[PATCH v2 2/3] AArch64: KGDB: Add Basic KGDB support

Mon Oct 7 05:51:42 EDT 2013

Hi Andrew,

On Fri, Oct 04, 2013 at 10:51:02PM +0100, Andrew Pinski wrote:
> On Wed, Oct 2, 2013 at 3:18 AM, Will Deacon <will.deacon at arm.com> wrote:
> > On Tue, Oct 01, 2013 at 11:53:01AM +0100, Vijay Kilari wrote:
> >> In fact, the arch_kgdb_breakpoint is called from only one place from
> >> kernel/debug/debug_core.c and there is no way for the compiler to
> >> reorder the block
> >> as it has two write barriers around it:
> >>         wmb(); /* Sync point before breakpoint */
> >>         arch_kgdb_breakpoint();
> >>         wmb(); /* Sync point after breakpoint */
> >
> > A write barrier just looks like a memory clobber to the compiler, which
> > isn't enough to stop this being reordered wrt breakpoints.
> 
> Yes this will be a full schedule barrier due to the inline-asm being a
> volatile inline-asm (implicitly because there are no outputs).  What I
> meant about the compiler could move around code only happens when you
> don't there are other implicit non schedule barrier instructions, in
> this case wmb is an volatile inline-asm which is also a scheduler
> barrier.

volatile != scheduling barrier (example below).

> > In fact, I don't
> > think is actually solvable with GCC since there is no way to emit a full
> > scheduling barrier using asm constraints (we'd need an intrinsic I think).
> >
> > You could try clobbering every register, but that's filthy, and will likely
> > cause reload to generate some dreadful spills.
> 
> Actually this is enough since both inline-asms (the one for wmb and
> arch_kgdb_breakpoint) are going to be treated as volatile by the
> compiler so it will not schedule those two inline-asm with respect of
> each other.

That's true: the asms will not be optimised away and/or moved across each
other. However, other code *can* move across then, which strikes me as odd
when we're dealing with breakpoints.

E.g:

8<---

#define wmb()	__asm__ __volatile__ ("dsb" ::: "memory")

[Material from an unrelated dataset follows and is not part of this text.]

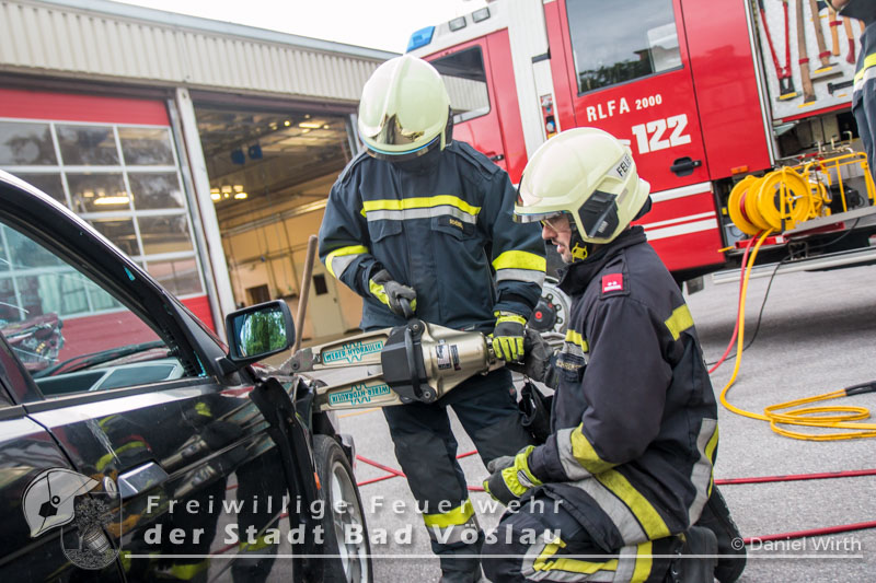 Am 13. Mai 2016 standen die hydraulischen Rettungsgeräte auf dem Übungsplan der Freiwilligen Feuerwehr der Stadt Bad Vöslau. Um den hohen Ausbildungsstandart innerhalb der Mannschaft konstant zu halten wurde bei dieser Übung besonders auf die jüngeren Mitglieder geachtet. Die neuen Feuerwehrfrauen und Männer bekamen einen ersten Eindruck von dem was hinter dem Alarmbild „Menschenrettung mit einer eingeklemmten Person“ steckt. Mit dem hydraulischen Rettungssatz des Rüstlöschfahrzeuges wurde ein PKW von den Jungkameraden regelrecht auseinandergenommen. Besonders wurde hierbei auf das Geräte- und Glasmanagement, die schonende Patientenrettung sowie auf Druck- und Schneidpunkte eingegangen. Auf der anderen Seite zerlegten die erfahreneren Feuerwehrmänner einen weiteren PKW in seine Einzelteile. Hier ging es um die Ersatzbeschaffung des hydraulischen Rettungssatzes im Rüstfahrzeug. Von der Firma Rosenbauer wurden zahlreiche Testgeräte zur Verfügung gestellt, welche natürlich auf Herz und Nieren getestet werden mussten. Wie sich die Mannschaft entschieden hat erfahren sie in einigen Wochen selbstverständlich hier.

static inline void nop(void)
{
	asm ("nop");
}

int foo(int *bar)
{
	int baz, i;

	baz = *bar;

	for (i = 0; i < 10; ++i)
		baz++;

	wmb();
	nop();
	wmb();

	return baz;
}

--->8

Assembles to the following with GCC 4.9 for ARM:

00000000 <foo>:
   0:	e5900000 	ldr	r0, [r0]
   4:	f57ff04f 	dsb	sy
   8:	e320f000 	nop	{0}
   c:	f57ff04f 	dsb	sy
  10:	e280000a 	add	r0, r0, #10
  14:	e12fff1e 	bx	lr

So, whilst loading the parameter hazards against the memory clobber of the
wmb()s, the loop (optimised to the single add) is now at the end of the
function. If I wanted a breakpoint after that loop had finished, it's now no
longer true.

> Note all other targets (ARM, PPC, x86, tile, etc.) all use a static
> inline function which does exactly the same as what is being added
> here.

Agreed, I didn't mean to imply this was an issue with this particular patch.
I'm just curious as to why this has been deemed acceptable by other
architectures, when it doesn't look especially useful to me.

Will